● **Work instructions**
In this exercise, the entries below include pictures. Repeat exactly the lines from the line with "Cryo-EM structures of" to the line with "(18), Кеннард (2).", including both, but without the pictures.

● **Dataset excerpts**
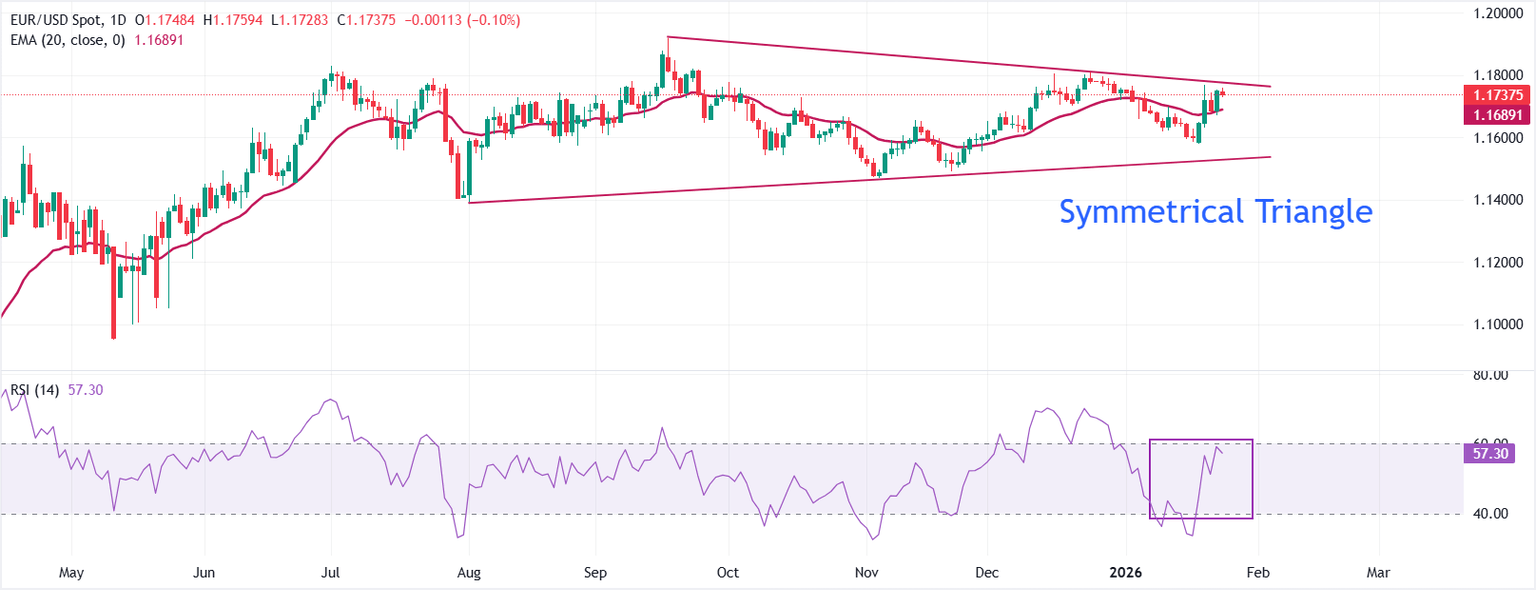 El EUR/USD cotiza de manera moderada cerca de 1.1738 en el momento de escribir. El par de divisas principal se encuentra dentro de un triángulo simétrico en el gráfico diario, lo que indica una contracción de volatilidad más amplia. El precio está cerca del límite superior del patrón de contracción de volatilidad alrededor de 1.1770, que se traza desde el máximo de varios años de 1.1919 registrado el 17 de septiembre.
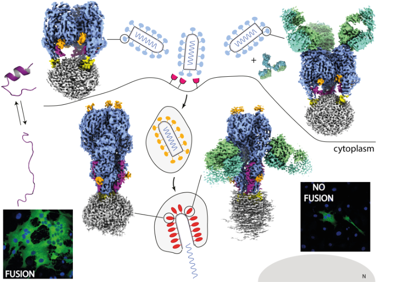 Cryo-EM structures of VSV glycoprotein G, alone or in complex with a neutralizing antibody, reveal new insights into the mechanism of membrane fusion and antibody neutralization.
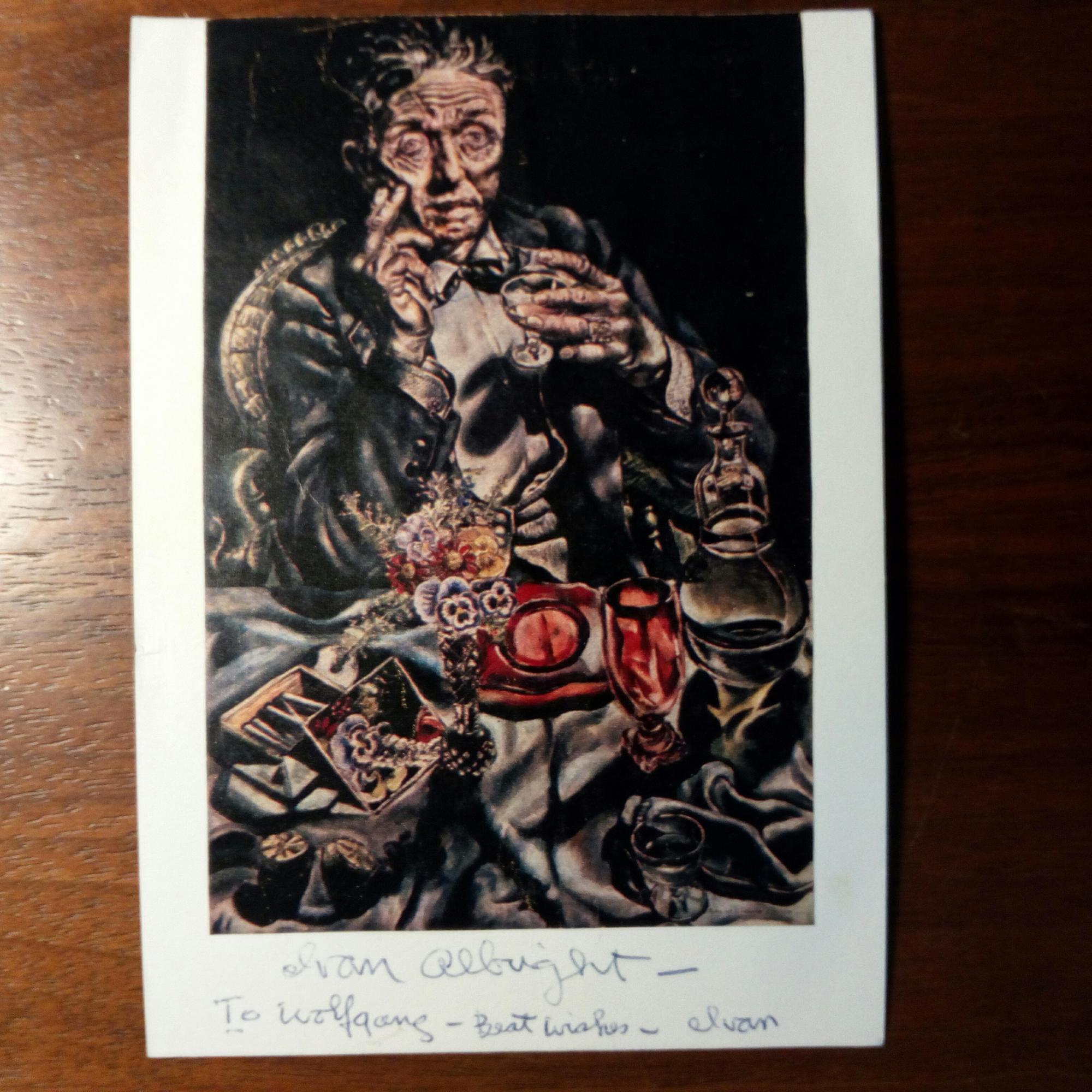 1897-1983, US-Maler - Karte m. mont. Foto eines seiner Werke (Selbstporträt, Druck) m. U. u. Widm.., ger. Gebr.spuren.
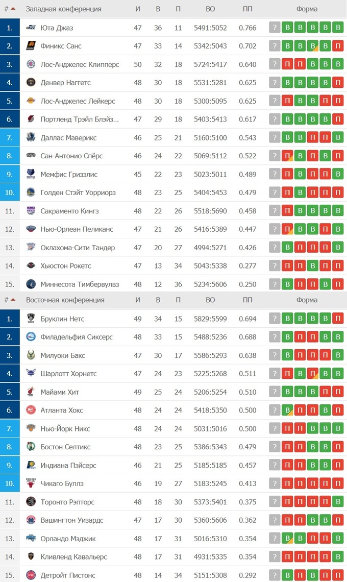 «Клипперс»: Ленард (24 + 12 подборов), Джордж (17 + 8 подборов), Моррис (8), Зубац (8), Джексон (7) – старт; Батюм (6), Паттерсон (4), Мэнн (18), Кеннард (2).
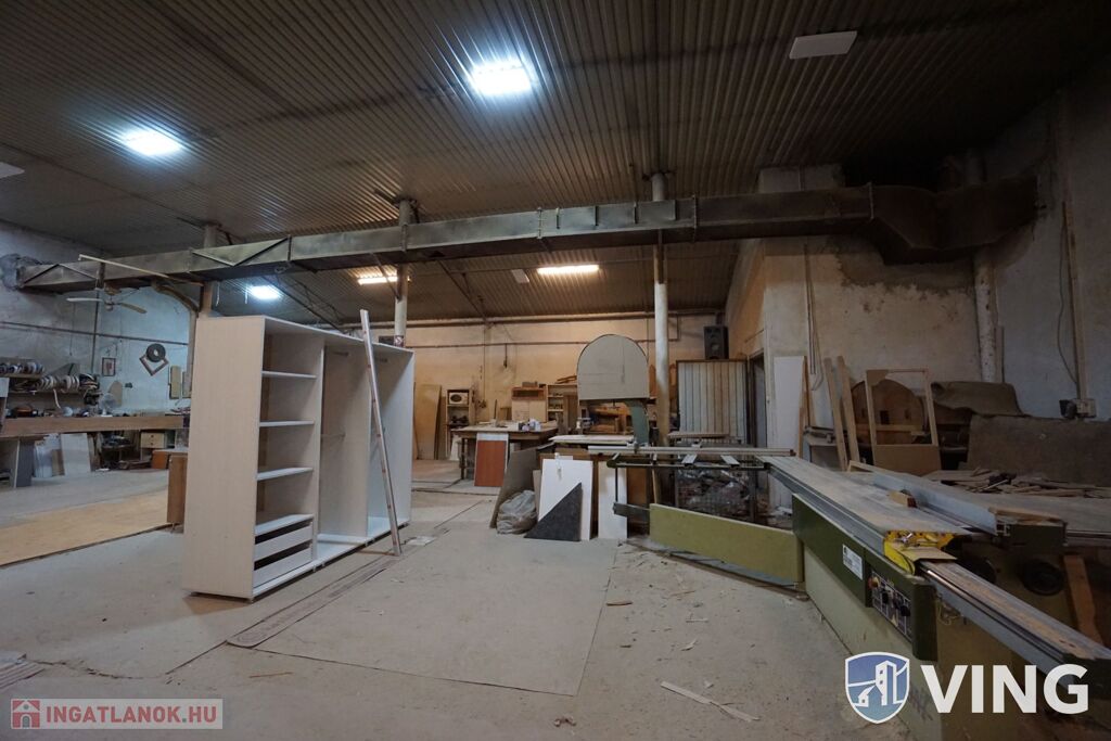 Több részlegből áll( átvétel, előkészítés, lapszabászat, kárpitozás, raktározás, iroda, teakonyha, öltözők, WC-mosdó helyiségek, 60 m2 alapterületű kiváló állapotú galériázott lakással.
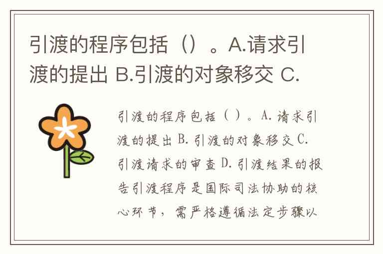 引渡的程序包括()。A.请求引渡的提出 B.引渡的对象移交 C.引渡请求的审查 D.引渡结果的报告
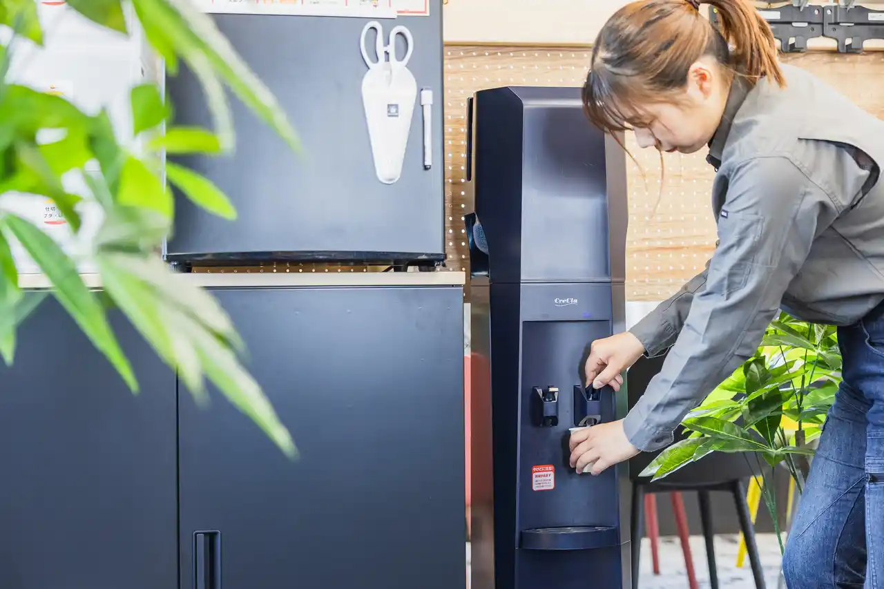 グリーンやアートを取り入れることで、ストレスの軽減やリラックス効果を促進。また、ウォーターサーバーやコーヒーメーカー、100円で自由に利用できる置き型社食を設置し、飲食によるリフレッシュもサポートしています。社食は管理栄養士監修のメニューのものを採用し、従業員の健康にも配慮しています。 |

● **Exercise result**
 Cryo-EM structures of VSV glycoprotein G, alone or in complex with a neutralizing antibody, reveal new insights into the mechanism of membrane fusion and antibody neutralization.
 1897-1983, US-Maler - Karte m. mont. Foto eines seiner Werke (Selbstporträt, Druck) m. U. u. Widm.., ger. Gebr.spuren.
 «Клипперс»: Ленард (24 + 12 подборов), Джордж (17 + 8 подборов), Моррис (8), Зубац (8), Джексон (7) – старт; Батюм (6), Паттерсон (4), Мэнн (18), Кеннард (2).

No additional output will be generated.